Because here’s the other(/final) part of this (I know you were talking about a musician when you wrote about this, and I just put it in my head that it was a bassist, and that that bassist was/is Tommy Stinson (of the Replacements, obv)(speaking of: did you get that latest disc? Those newly-remastered/old songs are just fucking sick)): when Tommy Stinson claimed to you to be a Bad Motherfucker? He was talking about a pose. No one, not any of us, really dig people for their poses. We may move toward someone for their pose, but we stay for substance. It’s like getting attracted to a girl because she smells nice: that’s a reason to approach, but you (I, I guess I’m now talking about) only stay if she’s funny and is decent to her friends/family and is engaged with the world and etc. That’s badmotherfuckerness, I think: that falseness that draws people in. Westerberg/Stinson are both sort of sillily perfect examples: both were total fuck-ups and wildmen, and sure, people went to Mats shows for the spectacle, for the What-If and etc., but the only reason the Mats could take a stage, anywhere, was because they wrote shit like “Kiss Me on the Bus,” and “Color Me Impressed” and etc.

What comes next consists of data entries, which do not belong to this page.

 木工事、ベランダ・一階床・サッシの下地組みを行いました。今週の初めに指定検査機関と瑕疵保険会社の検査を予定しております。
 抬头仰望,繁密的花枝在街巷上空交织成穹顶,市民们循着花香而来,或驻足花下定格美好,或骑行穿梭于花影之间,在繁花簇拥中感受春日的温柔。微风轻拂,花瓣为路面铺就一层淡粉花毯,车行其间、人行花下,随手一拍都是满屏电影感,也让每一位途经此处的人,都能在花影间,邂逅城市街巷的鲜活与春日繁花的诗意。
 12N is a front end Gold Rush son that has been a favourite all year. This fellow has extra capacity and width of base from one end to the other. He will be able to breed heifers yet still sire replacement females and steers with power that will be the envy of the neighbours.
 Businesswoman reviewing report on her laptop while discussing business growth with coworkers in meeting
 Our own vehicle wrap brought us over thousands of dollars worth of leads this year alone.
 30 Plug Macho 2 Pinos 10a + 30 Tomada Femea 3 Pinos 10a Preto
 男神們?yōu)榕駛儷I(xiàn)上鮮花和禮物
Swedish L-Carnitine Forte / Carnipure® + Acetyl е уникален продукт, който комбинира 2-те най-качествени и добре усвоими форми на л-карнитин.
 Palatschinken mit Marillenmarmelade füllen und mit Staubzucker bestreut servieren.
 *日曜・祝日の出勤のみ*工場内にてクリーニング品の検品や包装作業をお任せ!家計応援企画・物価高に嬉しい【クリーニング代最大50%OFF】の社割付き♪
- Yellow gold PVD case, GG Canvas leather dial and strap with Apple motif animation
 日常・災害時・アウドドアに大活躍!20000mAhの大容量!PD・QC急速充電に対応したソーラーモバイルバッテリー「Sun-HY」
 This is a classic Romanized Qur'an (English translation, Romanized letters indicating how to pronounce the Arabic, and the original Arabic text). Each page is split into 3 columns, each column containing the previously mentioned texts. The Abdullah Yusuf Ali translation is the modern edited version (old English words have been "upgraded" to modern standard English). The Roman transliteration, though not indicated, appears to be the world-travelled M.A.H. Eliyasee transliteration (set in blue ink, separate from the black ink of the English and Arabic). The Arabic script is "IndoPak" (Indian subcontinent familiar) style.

Anyway, that’s my take: fuck bad motherfuckers. Let’s try mattering first and get back to our poses later.
(none of this, by the by, is a dig at you: I think it’s a valid and real and good question. If we all (‘we all’ being, I guess, people who like to think of their relationship to the world being fundamentally about seeing it and writing shit down in something like ‘verse’) took more than five minutes a year to think about this shit, I think we’d be doing well. Anyway)…
and, each reach made my week more. better, o.